– Versione italiana a pagina 2 –
Pure Semblance originates as a skillful experiment by the artist Rosie Clements, who, in addition to photography, also engages in sculpture and printmaking.
While attending graduate school, she began experimenting in the university’s lab with a small Roland UV printer, a type of printer that uses ultraviolet light to cure ink as soon as it is applied to a surface.
However, all her photographs, reproduced on various surfaces, turned out to be either completely unreadable or, at times, too comprehensible and decipherable.
It wasn’t until she started printing on a sheet of bubble wrap, which she found by chance, that the images bearing her signature were born—a blend of experimentation, serendipity, and creative flair.

These are material and, at the same time, incorporeal images, where shapes and colours settle on those sheets, adapting to the undulations between the filled and empty spaces, offering a perfect balance between reality and fleeting unreality. These are intangible images, which we imagine to be soft, to be touched delicately to confirm their tangible concreteness.
“… The bubbles reminded me of soft and tactile pixels. I was drawn to how the details sat atop the bubbles rather than in the spaces between them, meaning the works are only readable from the right angle or distance, and up close, they are almost entirely abstract.”

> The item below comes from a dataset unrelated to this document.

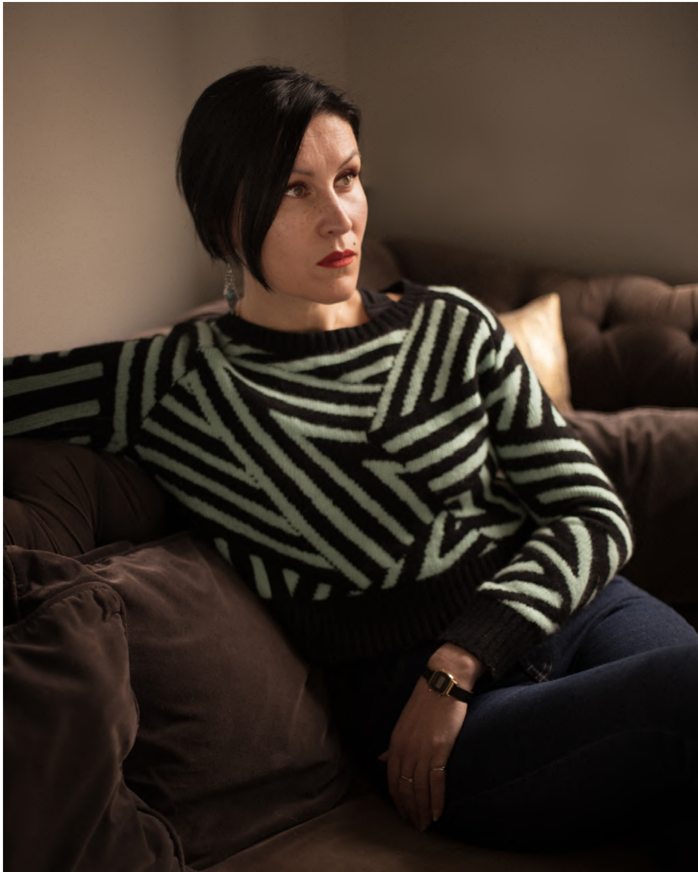
L'autrice et réalisatrice Ovidie

Just as that polyethylene sheet with air bubbles, often discarded after a single use, adapts perfectly to protect fragile objects by reproducing their shapes, in this case, it also reflects the fleeting nature of digital images, which are often easily shared and even more quickly forgotten in our fast-paced, media-saturated world.
Those air bubbles that live within the limited space allotted to them here transform into pixels that, fused into a single image, reproduce with a halo of evanescent poetry the reality experienced, analyzed, and transformed, as always, by human ingenuity.

Rosie Clements, who began her career as a traditional photographer, in her more recent works creates digital photographs and reconstitutes them as physical objects, testing the increasingly blurred boundaries between the material and the virtual. She has exhibited her work throughout Texas, where she lives and works, including her first solo exhibition in 2024 at the McLennon Pen Co. in Austin, TX. Her works have been published in numerous industry magazines, including BOOOOOOOM, Southwest Contemporary, Dazed, andIt’s Nice That. Rosie was also included in Lenscratch’s “26 to Watch” list in 2023, which annually celebrates and supports the new generation of young photographic artists.”